Friday, August 3, 2012

Home Is Where The Welcome Party Is....

The past twelve or so hours of travel from Berlin to Tel Aviv have been a crazy mix of emotion.  It was so wonderful to see bro and Keki and traveling around was a perfect traipse down memory lane.  However, I couldn't help but get excited as the days and then hours counted down to my arrival back in Israel.  This crazy mixed up world.  I didn't leave feeling particularly attached to Israel and two weeks later I realize how much I liked the oven hot, dry heat or the farms springing out of nowhere.  I even miss people yelling at me in Hebrew and laughing at my horrible attempts to read signs.

I began to think of how wonderful it was that I had the freedom to sell all of my things, travel halfway around the world, and develop a new home and a new attachment in whatever place on the map I chose.  I began to marvel at my own resilience in the most narcissistic of ways.  I began to think that it was going to be easy to pick up and move here.  Pride comes before the fall?

Immediately this changed when I walked out of the gates and even at one in the morning the place was filled to the brim with welcoming families.  People ignored the security guards to run and embrace much missed family members.  People wept and a guy with a dog jumped from behind a pillar asking me something excitedly in Hebrew and brandishing a homemade sign that read "Dominique??".

Even though I might live here, I don't know if I'll ever have that.  That kind of welcome.  That knowledge that there are at least 3 people in my immediate vicinity that have wanted nothing in the world more than seeing me step into that arrivals area.  There's a damn good chance that that place of exuberant welcome is never Israel for me.

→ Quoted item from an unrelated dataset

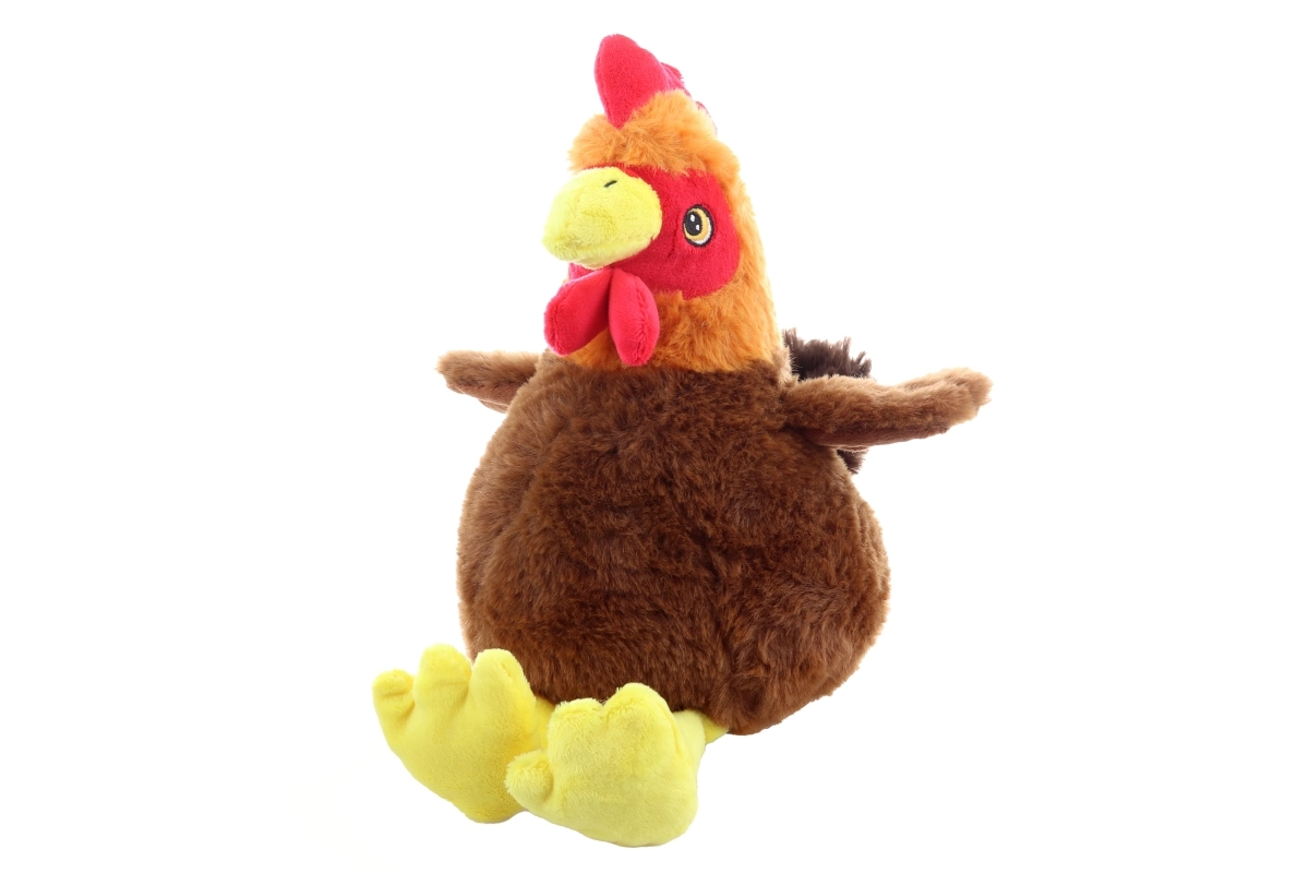 A hímzett részletek és az apró, levehető elemek hiánya miatt a csirke már 0+ kortól remek játék.

But I know some places and some people always will be waiting at that airport arrivals gate.  I know that I'll always have a home in Sacramento, San Fransisco, L.A. (though chances are I won't be visiting during the NBA season... let's be real), Raleigh, Atlanta, New York, maybe Japan, and wherever the heck else my talented family and friends decide to settle.  So maybe Israel will just be a stop over and maybe it won't exactly be home for very long... but I don't think I've ever been more proud of anything so much as the homes I have or have created around the world.

All my love from Ben Gurion Airport after a safe flight.... home?

1 comment:

  1. ALWAYS a big welcome in Atlanta/Raleigh/wherever I am. And for the record, I am thoroughly amazed at your resilience and passion for life. Miss you, miss you, and miss you a thousand times over.